Associate Prof. Yihang Li

Academy of Advanced Interdisciplinary Research, Xidian University

liyihang@xidian.edu.cn

Yihang Li is an associate professor in the Academy of Advanced Interdisciplinary Research at Xidian University. He received his B.S. in Metallurgical Engineering from Central South University (CSU) in 2014 and PhD in Materials Science from University of Science and Technology of China (USTC) in 2019. After working as a postdoctoral fellow at Shenzhen University (SZU), he joined the Xidian University (XDU) as an associate professor since October 2021. His research interests are the Solid Oxide Fuel/Electrolysis Cells (SOFC/SOEC) and gas sensors, including synthesis & characterization of novel perovskite oxides and carbon dioxide reduction process at the surface and interface. He has written a book chapter (Intermediate Temperature Solid Oxide Fuel Cells, Elsevier, 2020, pp 195-261) and published over 30 peer-reviewed papers, e.g., Energy & Environment Science, Advanced Energy Materials, Journal of Materials Chemistry A, Journal of Power Sources, ACS Sustainable Chemistry & Engineering, and International Journal of Hydrogen Energy. He won the Qiushi Scholarship and National Scholarship for Graduate Student from USTC. He is a professional member of the Chemical Industry and Engineering Society of China (CIESC).
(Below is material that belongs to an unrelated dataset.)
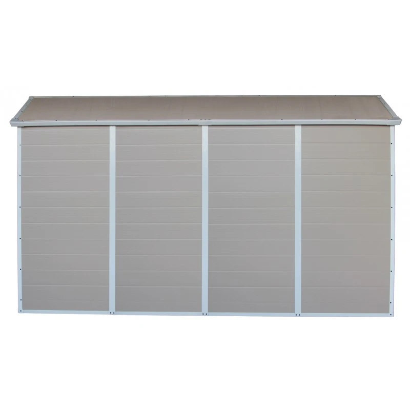 Le coloris beige des panneaux s’intègre harmonieusement dans tout type d’aménagement extérieur, et les bandes blanches des raccords ou entourant la porte offrent un contraste élégant. Située au dessus de la double porte, une grille de ventilation assure un renouvellement de l’air par convection, pour une protection optimale de votre outillage. Sur le côté, une fenêtre fixe en polycarbonate apporte un éclairage naturel pendant la journée, vous dispensant d’amener un éclairage électrique. Cet abri est certifié CE, REACH et RoHS et dispose d’une garantie de 10 ans.

Title：Electrochemical CO2-to-CO conversion in solid oxide electrolysis cells

Abstract: Depletion of natural energy resources and environmental deterioration are among the biggest challenges for sustainable development. Both issues are resulted from the unsustainable utilization of fossil fuels accompanied by the release of greenhouse gas CO2. In this regard, more and more attention has been focused on the processes of CO2 conversion to valuable fuels powered by nuclear enrgy or renewable electricity sources (e.g., solar, wind, tidal and hydropower), which could not only help to reduce CO2 emissions, but also mitigate the energy crisis. Solid oxide electrolysis cells (SOECs) can efficiently convert the greenhouse-gas CO2 to valuable chemicals. For example, CO2 is electrochemically reduced to CO at the fuel electrode (cathode) while releasing O2 at the oxygen electrode (anode). SOECs are considered as not only a promising technology base for sustainable energy systems but also helpful to achieve the goal of carbon-neutral cycling. This talk will present our recent advances in designing mixed conducting perovskite oxide materials as fuel electrodes for electrochemical CO2-to-CO conversion in SOECs. In particular, we proposed to investigate surface oxygen exchange (kchem) of CO2-RR kinetics using a new theoretical method based on the electrical conductivity relaxation (ECR) technique.